I stare at the pages like at the blind fates.
Fear and dread are weighing me down.
This calendar is hiding thousands of cables,
Alarms from near and far.
A year later, in “The Frightened Generation,” those alarms had only intensified.
Will there grow a generation of frightened people
Whom every rustle would wake at night,
A clatter on the stairs, sound of a stranger’s voice
Would throw them into swells of panic and chaos,
People who lock their doors, ready to jump
When they hear someone is touching the door handle?

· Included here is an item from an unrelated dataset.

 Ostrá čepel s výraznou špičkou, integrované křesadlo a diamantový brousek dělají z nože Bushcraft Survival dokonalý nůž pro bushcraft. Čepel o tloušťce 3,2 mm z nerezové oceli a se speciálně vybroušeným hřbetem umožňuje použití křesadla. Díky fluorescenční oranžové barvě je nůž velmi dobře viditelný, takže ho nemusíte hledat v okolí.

In September 1939, Nazi Germany invaded Poland, and in November 1940, the Warsaw Ghetto was sealed. Szlengel was among the nearly 400,000 Jews inside. Later, still more Jews from other communities joined them. He continued to write, now for the ghetto’s largest nightclub—even the doomed need distractions—known as “Café Sztuka,” or “Art Café.” It was a bizarre version of New York’s café society, catering to intellectuals in search of sophisticated fun, where various actors and musicians performed songs and sketches. The hero of the film The Pianist, Władysław Szpilman, sometimes played there. Szlengel’s entertainments, called “A Living Newspaper,” were the ghetto’s equivalent of the Daily Show: Topical takeoffs on the Nazis, on Jewish machers, and other risible realities behind the walls.

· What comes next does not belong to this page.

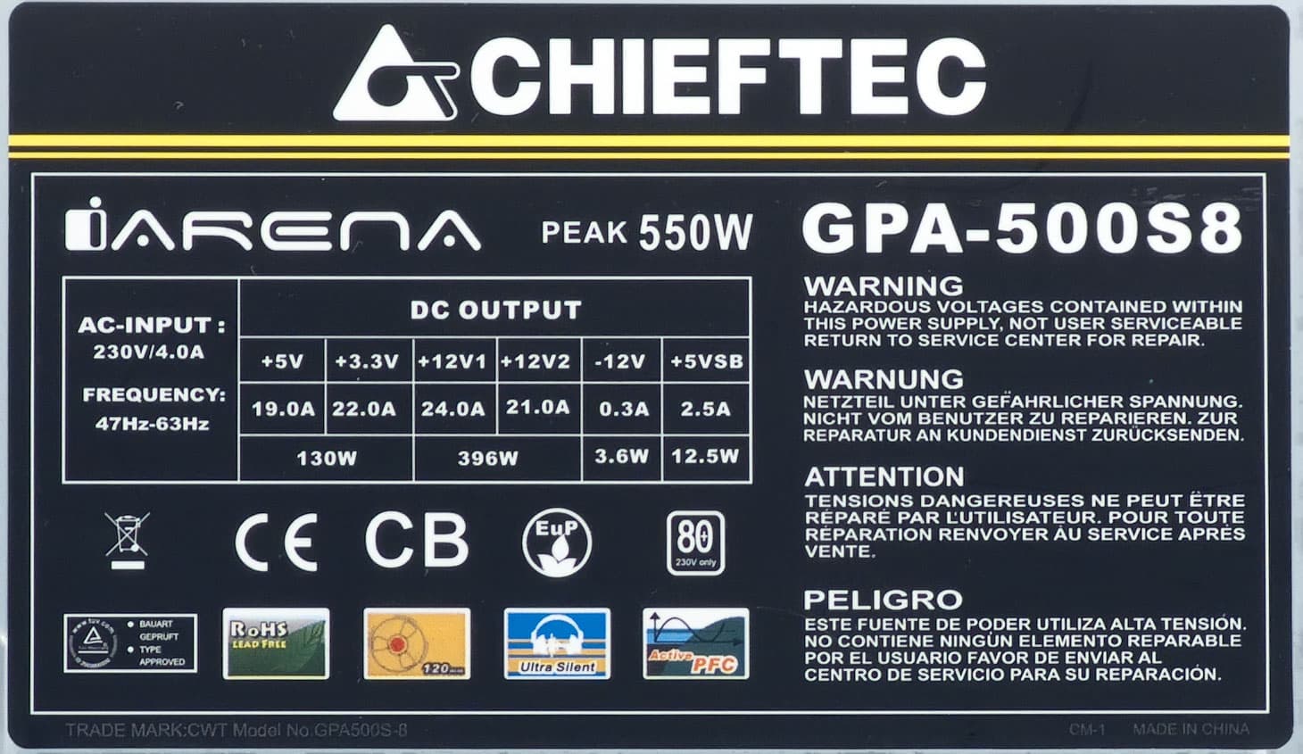 Все необходимые параметры указаны на корпусе блока питания в полном объеме. Для мощности шины +12VDC заявлено значение 396 Вт. Данная величина находится между соответствующими значениями типовых блоков питания мощностью 450 и 550 Вт, соотношение мощности по шине +12VDC и полной мощности составляет 0,792, что является низким показателем для современных решений подобной мощности. >

The satire was, of course, short-lived. In July 1942, the ghetto was thrown into panic as the Germans began shoving Jews by the tens of thousands on trains bound for Treblinka, 60 miles to the northeast. For a time, until it became morally unacceptable to him, Szlengel had belonged to the ghetto’s Jewish police force. Then, assigned to work in a brush factory, he continued to be spared the fate of so many of the others. But it took time to liquidate the ghetto, and for thousands of others, life went on. Szlengel kept writing his poems, first by hand, then typing them on carbon paper, so that they could circulate more easily. Often, he read them aloud to groups of Jewish factory workers. Others would copy and then recopy them: The grammatically incorrect Polish on some versions, Kassow notes, indicates that for some of those circulating them, Polish was not their native tongue. As conditions became more desperate, the impact of the poems grew. Emanuel Ringelblum, the historian who led the massive effort to chronicle ghetto life by stashing away documents in cans he hoped would be unearthed after the war, called Szlengel “the poet of the Ghetto.”

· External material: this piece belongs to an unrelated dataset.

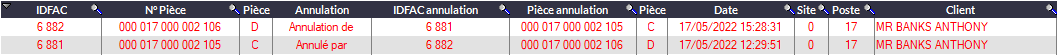- Type ANL : règlement annulé à la suite d'une annulation de facture (l'annulation d'une facture entraîne automatiquement l'annulation de son règlement).
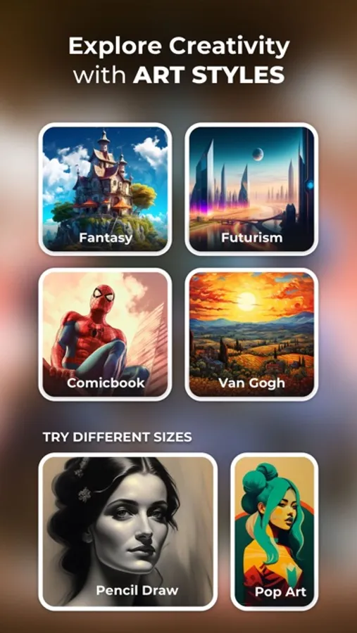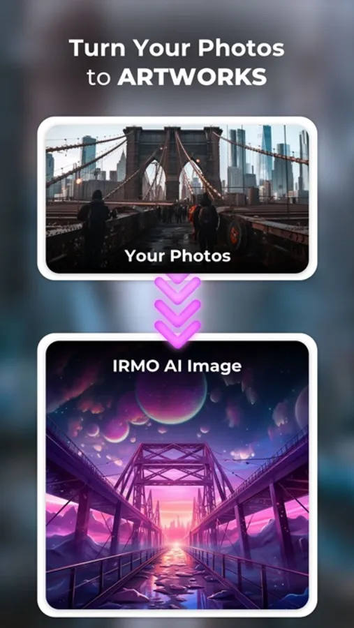 Type the scenery that comes to your mind in whatever language you want to text prompt, select one of the dozen styles that IRMO offers and within seconds unbelievable artworks will appear on your screen or upload an image from your gallery, type in what you want to do with this image and let IRMO do the rest. Let your basic doodles turn into magnificent artwork!

Possibly because of his ties to the ghetto police, Szlengel never participated in, nor presumably even knew about, Oyneg Shabes, Ringelblum’s highly clandestine operation. Ringelblum evinced a certain disdain toward Szlengel’s poems, describing them as “artistically mediocre.” But Szlengel was among the luminaries Ringelblum profiled, and his poems were among the documents he and his 60 associates took pains to preserve. Ringelblum explained why: They “moved those who heard them to tears because they were topical, on problems that the Jews lived with and felt,” he wrote. Though theirs were very different tools, Szlengel and Ringelblum were in fact engaged in precisely the same work: creating a contemporaneous account of Warsaw Jewry’s final days, one that would stand up against the revisionists who would inevitably arise one day to say that their catastrophe was simply too fantastic to be believed. Their works are wonderfully complementary, for it is at their respective ends of the written spectrum—the one broad and detailed and hyper-literal, the other personalized and idiosyncratic and distilled—that the most irrefutable evidence may be found.